Mande Rubayah juga ikut berdesakan mendekati kapal. Jantungnya berdebar keras ketika melihat lelaki muda yang berada di kapal itu. Ia begitu yakin kalau lelaki muda yang berdiri di samping wanita cantik itu adalah anaknya, Malin Kundang. Belum sempat para sesepuh kampung menyambut, Ibu Malin terlebih dahulu menghampiri lelaki muda yang gagah itu.la langsung memeluknya erat, ia takut kehilangan anaknya lagi.
“Malin, anakku. Kau ini si Malin, anakku. Benar, kan?” katanya menahan isak tangis karena gembira, “mengapa begitu lamanya kau tidak memberi kabar, nak?”. Sepintas Mande Rubayah sempat melihat bekas luka di lengan kanan lelaki gagah itu. Hatinya semakin yakin kalau lelaki muda dan gagah ini memang anaknya.

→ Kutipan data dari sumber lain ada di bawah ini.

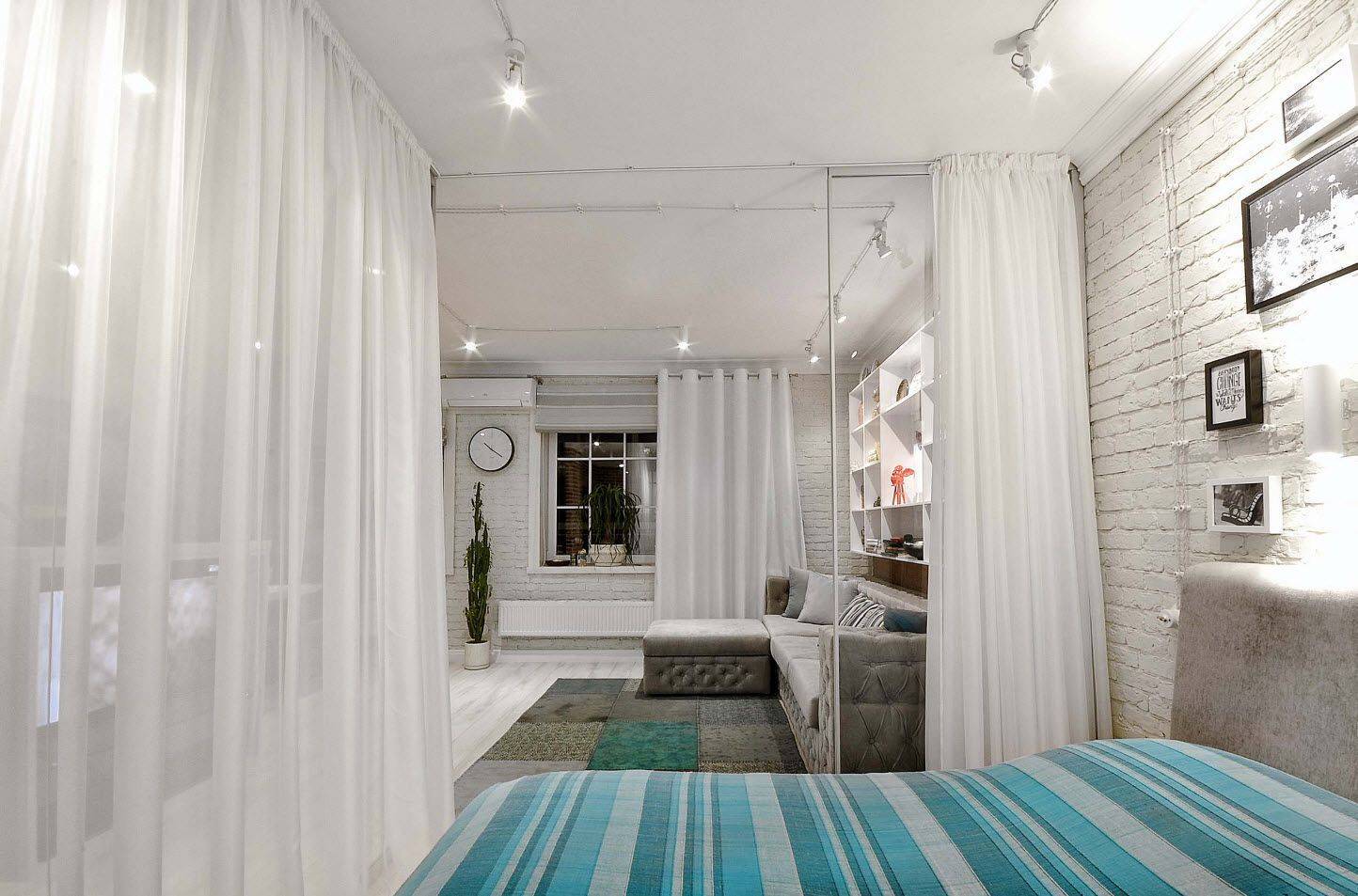 Если у вас имеется небольшая комната размером примерно 18 квадратных метров, то использование перегородок невозможно. В этом случае для зонирования подойдет текстиль. Например, это могут быть бамбуковые или обычные плотные шторы. При этом они должны легко и быстро собираться. При этом для окон используйте плотный и темный текстиль, который поможет добиться приватности. А на границе спальни и гостиной лучше повесить воздушный и легкий текстиль. Можно рассмотреть современные шторы из бусин – кисею.

Lelaki muda gagah, yang tak lain memang benar si Malin Kundang itu terkejut karena dipeluk wanita tua renta yang berpakaian compang-camping. Ia tak percaya kalau wanita tua itu adalah ibunya. Akan tetapi belum sempat dia berpikir untuk bicara pada wanita tua renta yang mengaku sebagai ibunya itu, istrinya yang cantik itu meludah sambil berkata, “Oh, jadi wanita miskin, jelek dan tua renta ini adalah ibumu?” Setelah membuang ludah ke samping Mande Rubayah, istri Malin Kundang kembali berkata dengan sinis kepada suaminya. “Kau sudah berbohong padaku! Bukankah dulu kau pernah mengatakan kalau ibumu adalah seorang bangsawan. Tapi kenyataannya?” Istri Malin Kundang kembali membuang ludah, ke hadapan suaminya.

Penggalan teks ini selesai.